Site icon Yellowfin BI

In Memory Databases and You

So by now you’ve heard all about Yellowfin’s in memory database (IMDB) and how it may quickly and painlessly improve the speed of your reporting and data analysis, but how does it actually work?  As one Yellowfin programmer would say: "Computers.  It works in the computers."  If you’re interested in a bit more of a thorough breakdown than that, though, we have it here.

First things first, we need to understand how "view caching" works in Yellowfin 5.  The query for an entire view is run on the source database, and then all of the data is dumped into a flat table in a target database, essentially the view data has been completely denormalised and moved to a new database.  Reports which are run on this view will now reference the flat table.

For some views we may get significant performance gains through the caching process simply because of the elimination of the joins.  Obviously there’s a reason we normalised our data in the first place, though: flattening the data will create a lot of redundancy and potentially massively blow out the storage space required.  However, making this process available at the view level allows us to denormalise small subsets of the data.

So now we’ve flattened some views and the reports written off them are chugging along running reasonably quickly.  What could be better than that?  Wait a second, how about we improve the performance again by having the view data loaded into memory?  Now there’s a good idea!

Yellowfin allows you to set up a connection to its embedded IMDB the same way as you would set up any other data source.  The IMDB can then be selected as the target when you’re setting up caching on a view.  When Yellowfin sees it’s loading data into memory the work is passed off to the IMDB’s bulk loader, this may be a lot quicker than caching data into a normal DBMS where Yellowfin has to generate and run each INSERT statement individually.

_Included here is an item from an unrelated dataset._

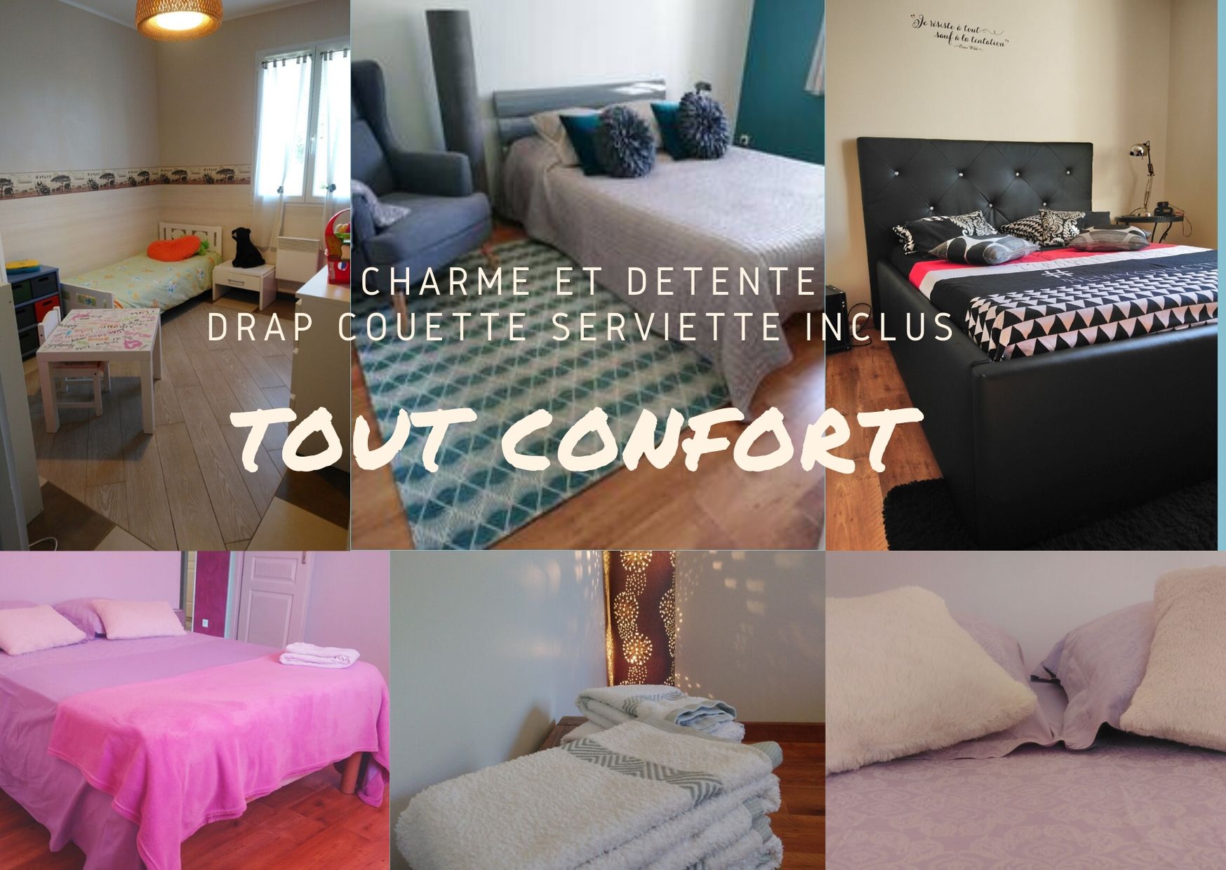 4 chambres pour vous accueillir 3 lits double et 1 lit simple et 2 lit superposer pour enfant.

The IMDB goes some way to reducing the issues of space blowout caused by redundant data in flat tables by run length encoding each column.  This means that if a column contained the word "Apple" 100 consecutive times the word itself would only be stored once along with the fact that it was reoccurring in the next 99 rows.  Strings of a certain length are also stored in a lookup table, so when they appear in the data they can be replaced by their index within the table.  This can result in very good compression when long strings occur repeatedly.

The open source Java SQL parser JSqlParser (http://jsqlparser.sourceforge.net/) is used as a front end for the IMDB, so reports based off views which are cached in memory can be run exactly the same way as reports written off any other cached view.

At this point the in memory database has been used by a few different clients, and in several cases the performance improvement has far exceeded even our expectations.  If you’re having performance issues and don’t want the headache of rethinking your DB schema then give it a try, it might surprise you too!